[Extracted entries]
Start of Block

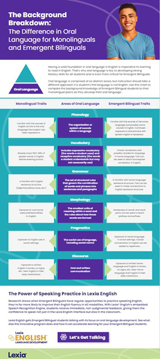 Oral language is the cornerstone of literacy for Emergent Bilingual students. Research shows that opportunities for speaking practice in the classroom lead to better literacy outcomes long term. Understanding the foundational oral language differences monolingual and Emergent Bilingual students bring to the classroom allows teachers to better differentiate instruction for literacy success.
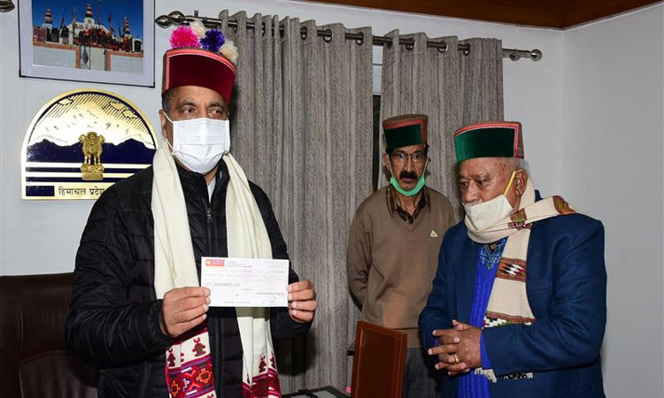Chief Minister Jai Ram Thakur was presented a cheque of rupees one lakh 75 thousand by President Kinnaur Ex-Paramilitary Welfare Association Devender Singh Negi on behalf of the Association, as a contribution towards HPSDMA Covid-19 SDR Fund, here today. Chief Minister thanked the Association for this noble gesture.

End of Block
Start of Block

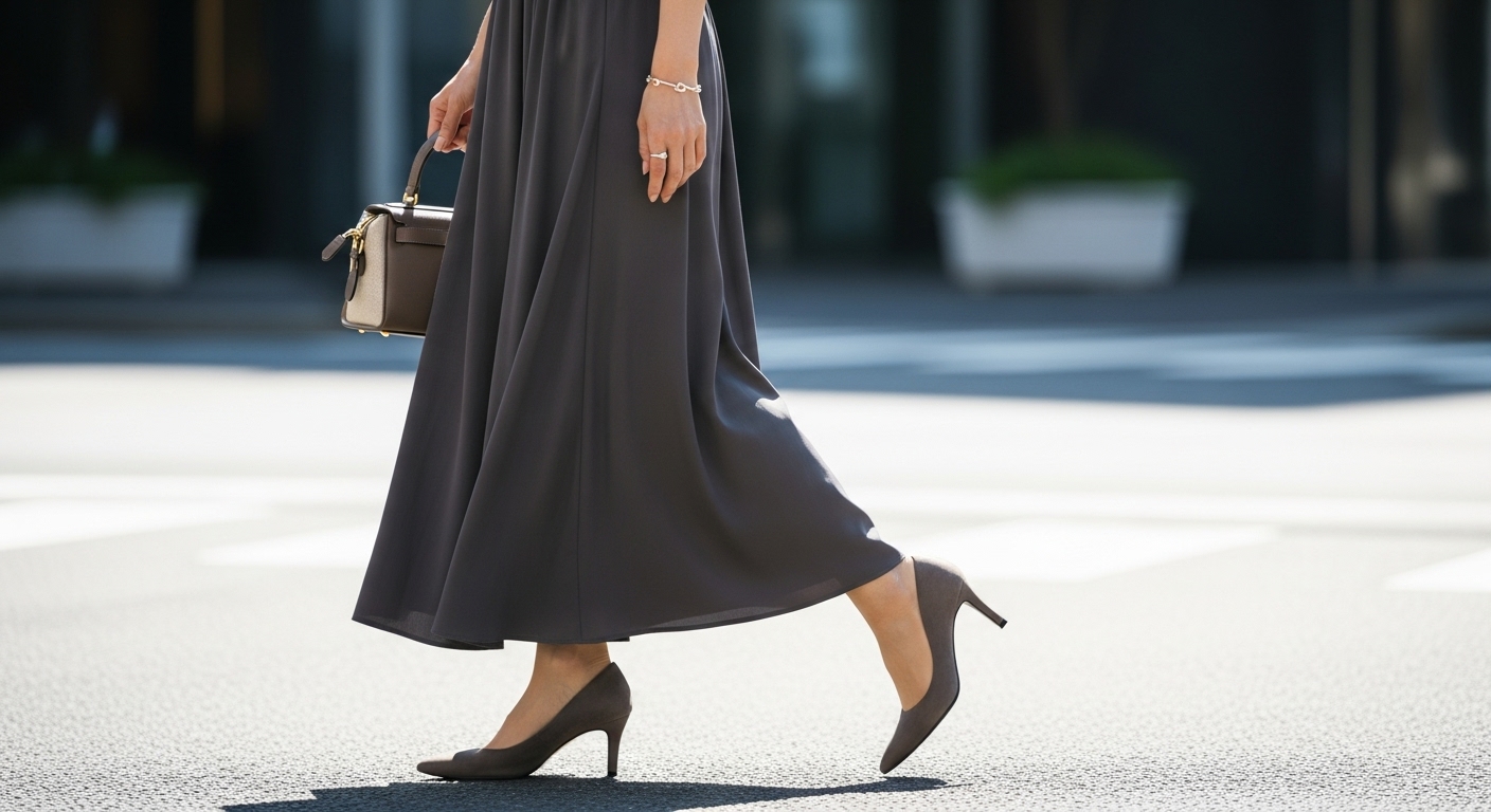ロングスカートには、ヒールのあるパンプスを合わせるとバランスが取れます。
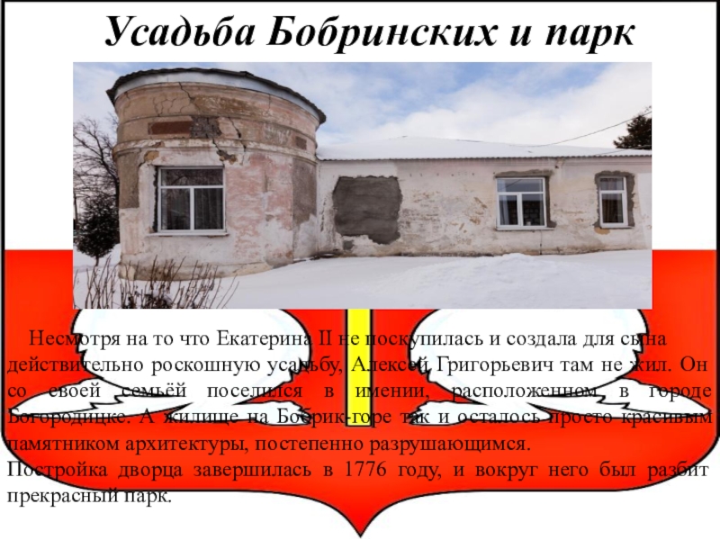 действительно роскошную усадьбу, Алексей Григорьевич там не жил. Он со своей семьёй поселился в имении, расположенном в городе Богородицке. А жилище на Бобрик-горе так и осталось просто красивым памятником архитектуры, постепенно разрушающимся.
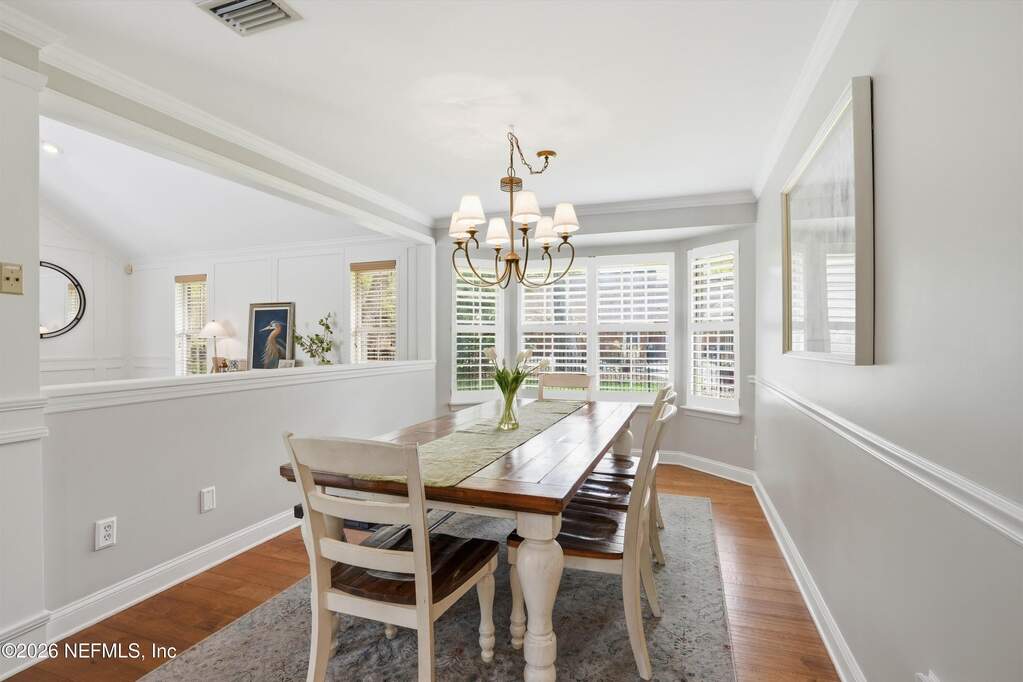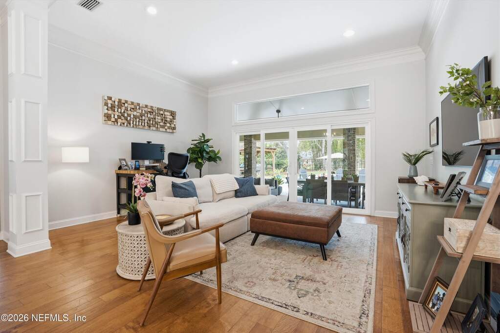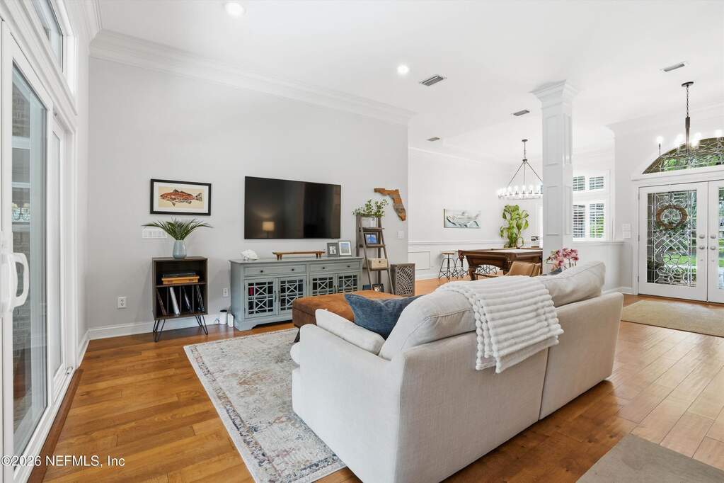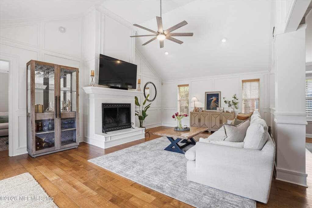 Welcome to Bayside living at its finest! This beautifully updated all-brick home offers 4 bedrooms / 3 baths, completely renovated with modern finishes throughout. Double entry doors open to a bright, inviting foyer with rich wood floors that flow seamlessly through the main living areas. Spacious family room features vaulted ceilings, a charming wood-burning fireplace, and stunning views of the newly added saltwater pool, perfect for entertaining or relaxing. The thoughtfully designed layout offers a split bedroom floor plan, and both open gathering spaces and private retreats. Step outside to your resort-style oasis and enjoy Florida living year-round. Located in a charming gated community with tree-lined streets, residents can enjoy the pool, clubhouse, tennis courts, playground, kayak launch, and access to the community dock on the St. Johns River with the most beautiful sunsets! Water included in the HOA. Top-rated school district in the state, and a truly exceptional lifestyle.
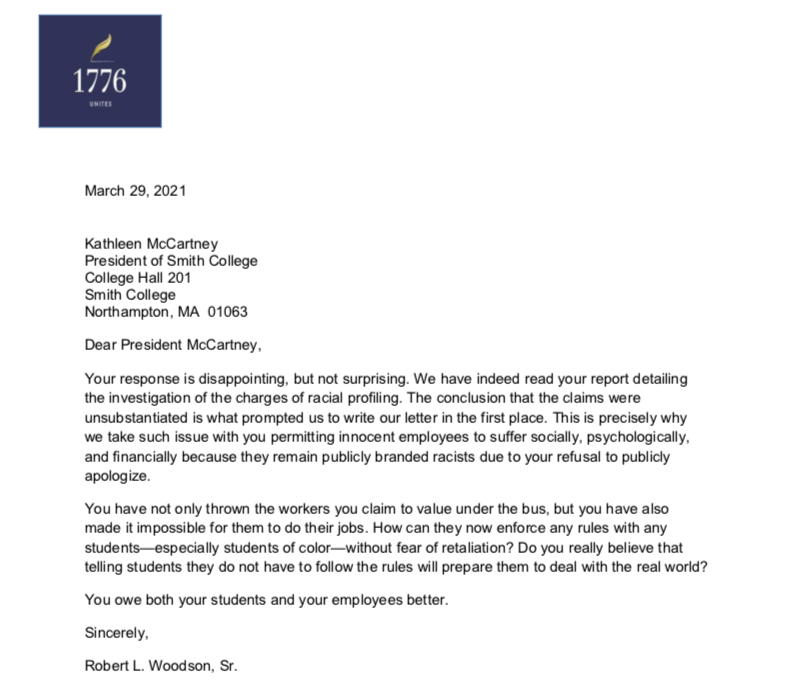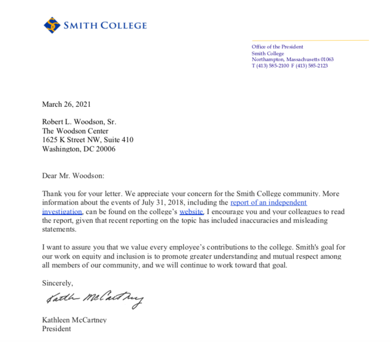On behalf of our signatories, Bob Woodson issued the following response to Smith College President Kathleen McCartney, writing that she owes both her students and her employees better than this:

End of Block

[What the exercise asks]
Retype the lines above exactly as they appear, from the line containing "Oral language is" through the line containing "Chief Minister Jai", and leave out any pictures.

[Output for this task]
 Oral language is the cornerstone of literacy for Emergent Bilingual students. Research shows that opportunities for speaking practice in the classroom lead to better literacy outcomes long term. Understanding the foundational oral language differences monolingual and Emergent Bilingual students bring to the classroom allows teachers to better differentiate instruction for literacy success.
Chief Minister Jai Ram Thakur was presented a cheque of rupees one lakh 75 thousand by President Kinnaur Ex-Paramilitary Welfare Association Devender Singh Negi on behalf of the Association, as a contribution towards HPSDMA Covid-19 SDR Fund, here today. Chief Minister thanked the Association for this noble gesture.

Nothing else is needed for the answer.